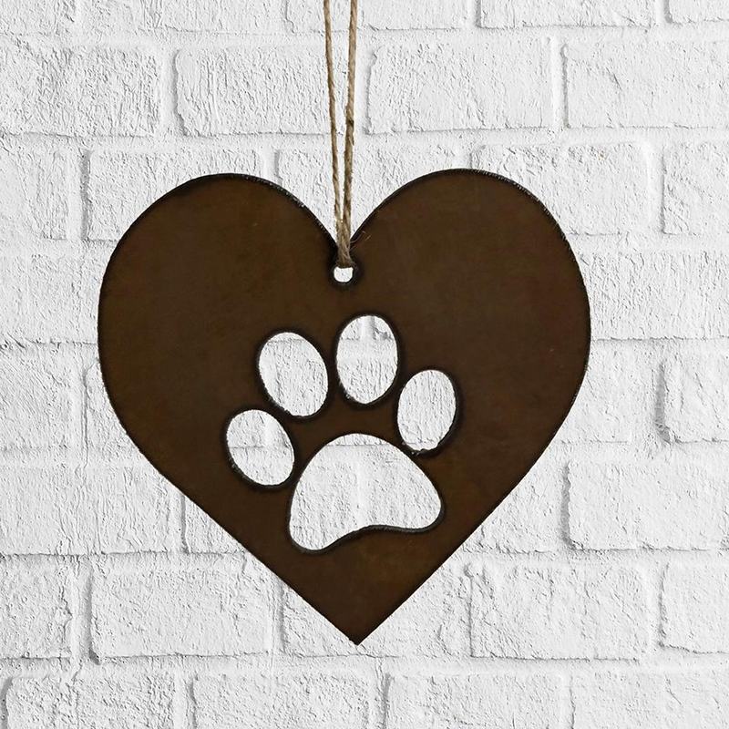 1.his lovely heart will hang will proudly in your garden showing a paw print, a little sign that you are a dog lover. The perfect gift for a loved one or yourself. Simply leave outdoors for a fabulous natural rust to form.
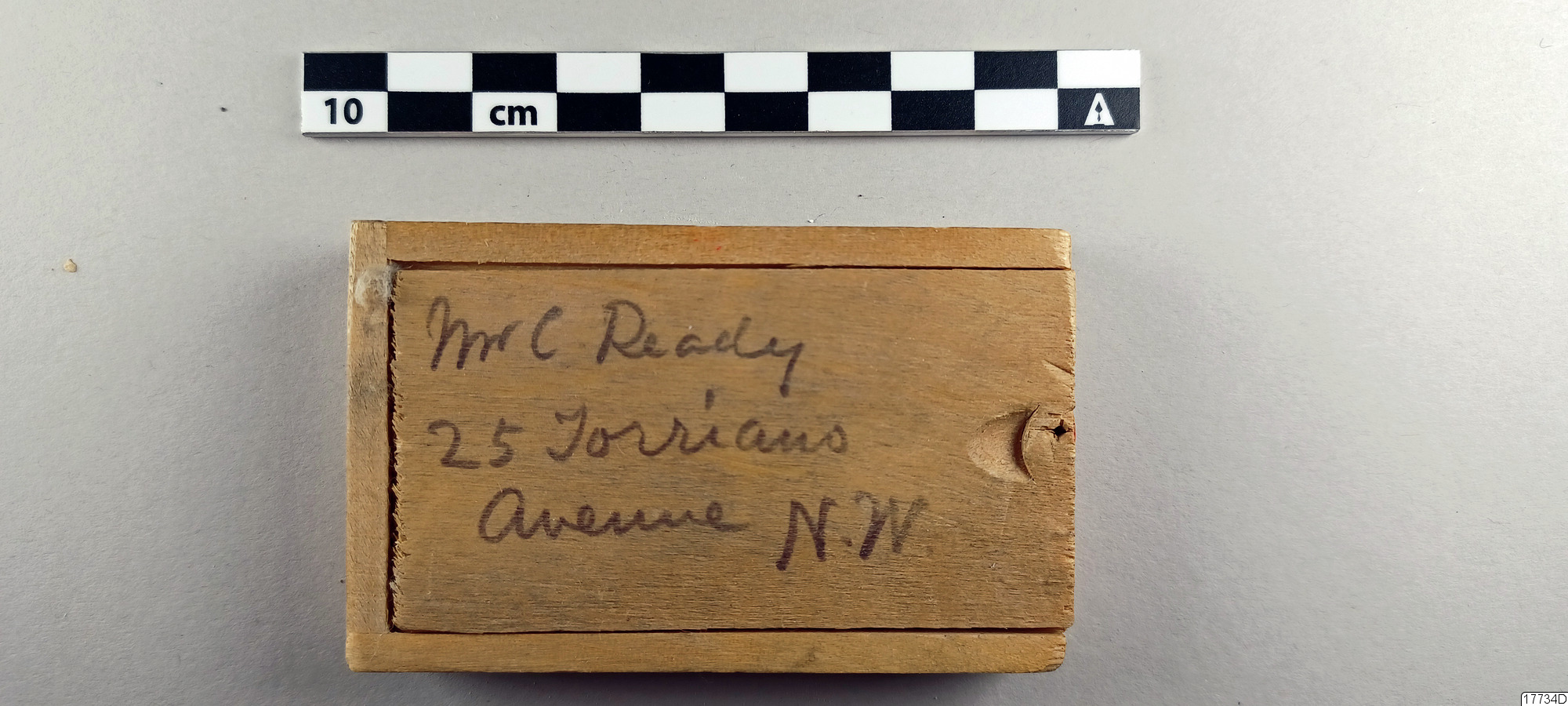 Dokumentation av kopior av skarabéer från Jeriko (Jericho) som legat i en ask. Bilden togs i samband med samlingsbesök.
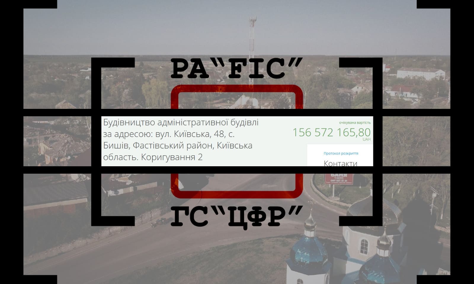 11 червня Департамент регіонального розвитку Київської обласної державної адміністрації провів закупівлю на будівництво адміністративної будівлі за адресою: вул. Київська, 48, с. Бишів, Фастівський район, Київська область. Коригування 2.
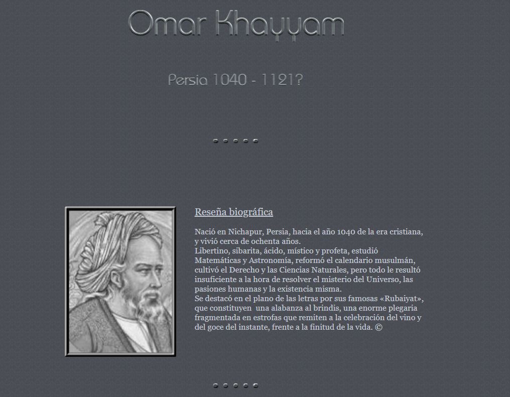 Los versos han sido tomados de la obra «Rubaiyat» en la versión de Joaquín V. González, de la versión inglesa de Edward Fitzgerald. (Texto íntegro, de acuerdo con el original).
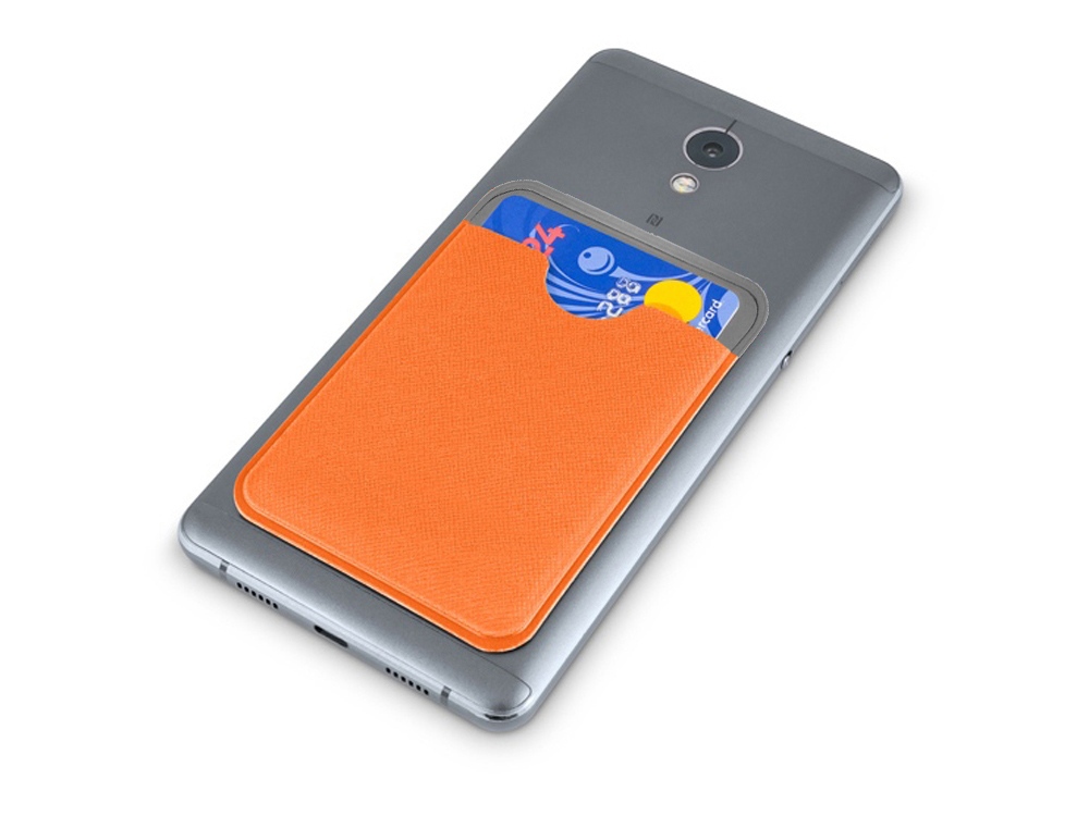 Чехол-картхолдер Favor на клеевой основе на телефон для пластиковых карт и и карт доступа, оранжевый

══════════

The problem. Copy out every entry above, character for character, excluding pictures.

Exercise solution.
 1.his lovely heart will hang will proudly in your garden showing a paw print, a little sign that you are a dog lover. The perfect gift for a loved one or yourself. Simply leave outdoors for a fabulous natural rust to form.
 Dokumentation av kopior av skarabéer från Jeriko (Jericho) som legat i en ask. Bilden togs i samband med samlingsbesök.
 11 червня Департамент регіонального розвитку Київської обласної державної адміністрації провів закупівлю на будівництво адміністративної будівлі за адресою: вул. Київська, 48, с. Бишів, Фастівський район, Київська область. Коригування 2.
 Los versos han sido tomados de la obra «Rubaiyat» en la versión de Joaquín V. González, de la versión inglesa de Edward Fitzgerald. (Texto íntegro, de acuerdo con el original).
 Чехол-картхолдер Favor на клеевой основе на телефон для пластиковых карт и и карт доступа, оранжевый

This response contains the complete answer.